The Circle of Swabia or Swabian Circle ( or Schwäbischer Kreis) was an Imperial Circle of the Holy Roman Empire established in 1500 on the territory of the former German stem-duchy of Swabia. However, it did not include the Habsburg home territories of Swabian Austria, the member states of the Swiss Confederacy nor the lands of the Alsace region west of the Rhine, which belonged to the Upper Rhenish Circle.
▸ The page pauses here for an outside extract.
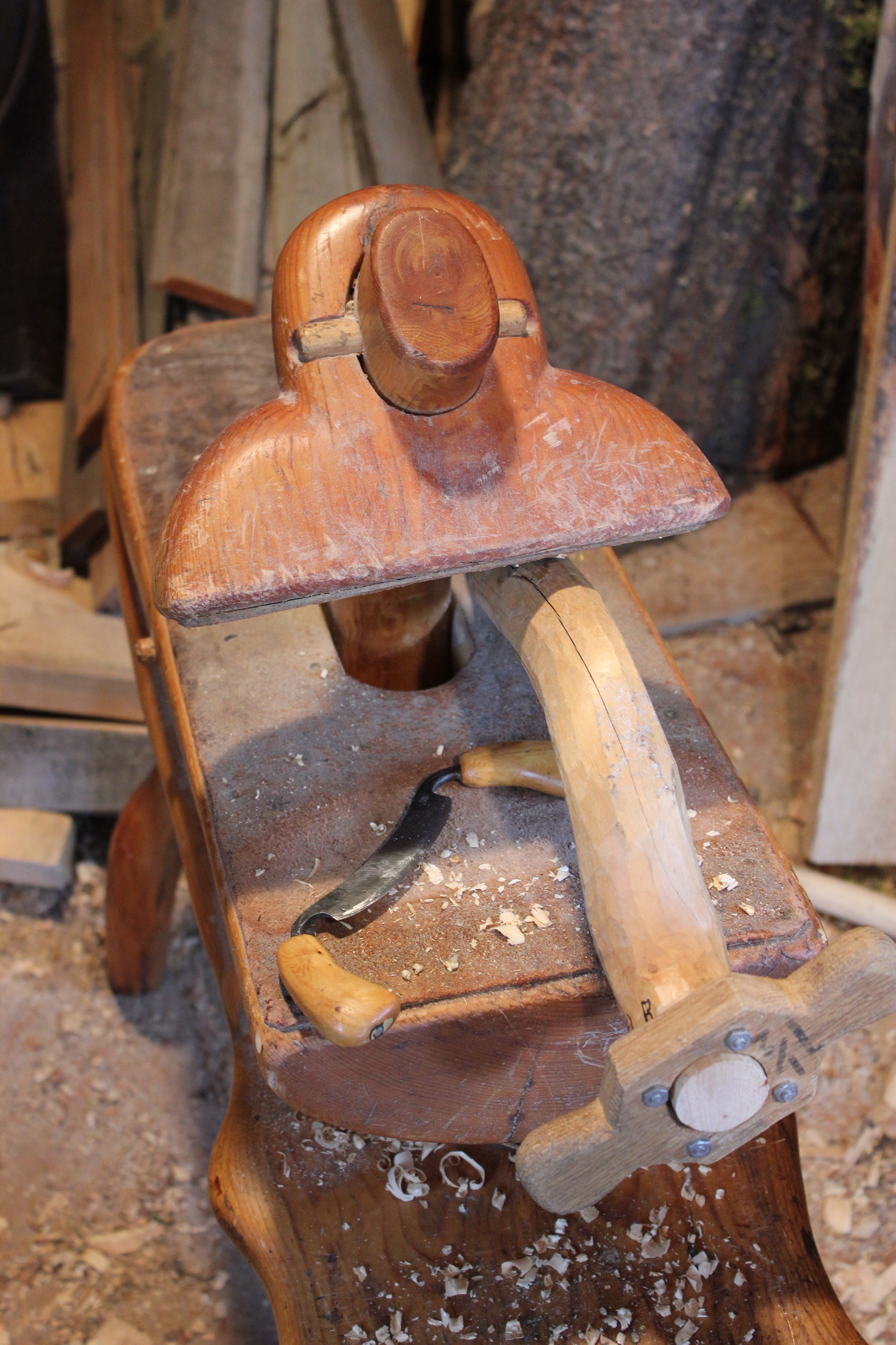 The drawknife and long arch held in the shaving horse. This is an example of the difficulties, the awkwardness of securing the irregular tree shapes, and of how helpful the shaving horse is.

The Swabian League of 1488, a predecessor organization, disbanded in the course of the Protestant Reformation and the Thirty Years War later in the 16th century.

Administration
The directors of the Swabian Circle were the Bishop of Constance (replaced by the margrave of Baden after the 1803 Reichsdeputationshauptschluss) and the Duke of Württemberg; meetings of the circle's diet were usually held at the Imperial city of Ulm. Though it was shattered into a multitude of mainly very small states, the circle had an effective government, which, in view of the eastward expansion of France, from 1694 on even maintained its own army based at the Kehl fortress.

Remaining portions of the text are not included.